9. The cable assembly as recited in claim 8, wherein there is a mounting post protruding backwardly from the base portion and inserted into a front portion of the elastic member.

10. The cable assembly as recited in claim 9, wherein there is a post located in a groove which is defined in the tongue portion and the post is inserted into a back portion of the elastic member.

11. The cable assembly as recited in claim 10, wherein the elastic member is a coil spring.

12. The cable assembly as recited in claim 6, wherein there is a fiber passage located in the insulative housing and disposed behind the cavity, and the fiber extends through the fiber passage and is coupled to the lens.
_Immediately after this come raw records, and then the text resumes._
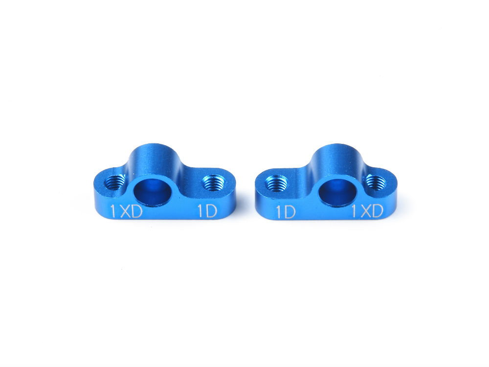 繊細なトー角セッティングが可能な高精度アルミ切削製サスマウント。左右を入れ替えることでサスマウント幅が変えられます。フロントに装備する場合はSP994またはOP709と組み合わせて使います。
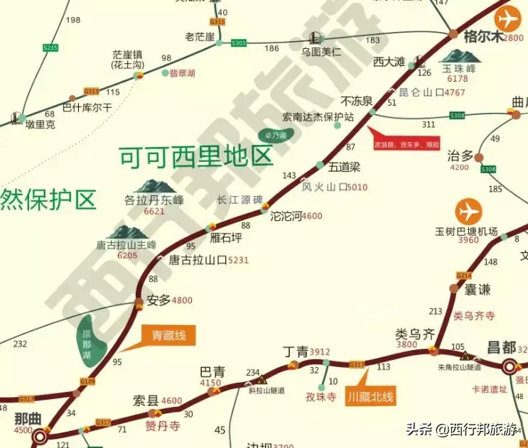 加油站:安多、沱沱河、纳赤台、西大滩、沱沱河等地可加油。
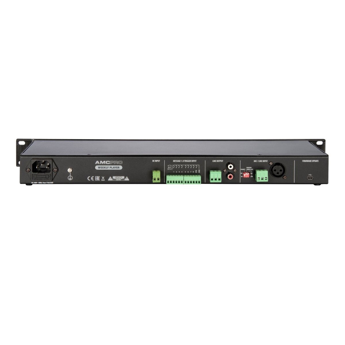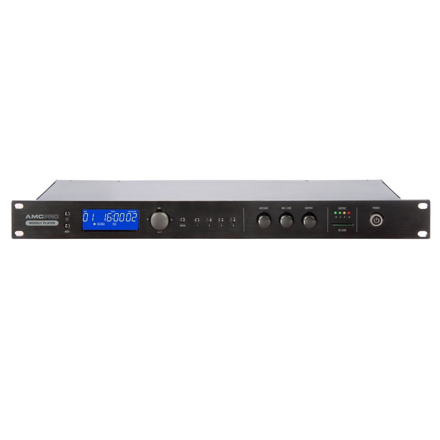 AMC rozszerzyło ofertę swoich produktów o Weekly Player, stworzony do odtwarzania zaplanowanych wiadomości zapisanych na karcie SD. Odtwarzacz ten odtwarza także muzykę w tle pomiędzy zaplanowanymi dźwiękami i posiada cztery przyciski z przodu umożliwiające szybkie rozpoczęcie przygotowanych ogłoszeń. Listę można rozszerzyć do 99 zdarzeń. Do szerokiego zastosowania ma wejście mikrofonowe z priorytetem i zasilaniem phantom. Obsługuje sterowanie zewnętrzne w celu zdalnego odtwarzania lub zatrzymywania wiadomości audio za pomocą ośmiu styków bezpotencjałowych. Jest to łatwy w obsłudze i niezawodny odtwarzacz przeznaczony do każdego miejsca publicznego, w którym wymagane są zaplanowane wiadomości.

13. The cable assembly as recited in claim 12, wherein the fiber passage is tapered along a front-to-back direction.

14. The cable assembly as recited in claim 13, wherein there is a cap mounted to the insulative housing to shield the fiber.

15. A cable assembly comprising:

an insulative housing;

a plurality of terminals retained in the housing;

a lens disposed in the housing and defining a mounting slot along an axial direction;

an optical fiber inserted into the mounting slot; and

optical adhesive filled in the mounting slot beside the optical fiber; wherein

a gap, which is located between the lens and a front end of the fiber in the axial direction and is filled with the optical adhesive, defines an interface with one of the lens and the front end of the fiber under condition that said interface is oblique to the axial direction.

16. The cable assembly as claimed in claim 15, wherein said gap defines another interface with the other of the lens and the front end of the fiber under condition that said another interface is perpendicular to said axial direction.

17. The cable assembly as claimed in claim 16, wherein said gap defines a wedged configuration.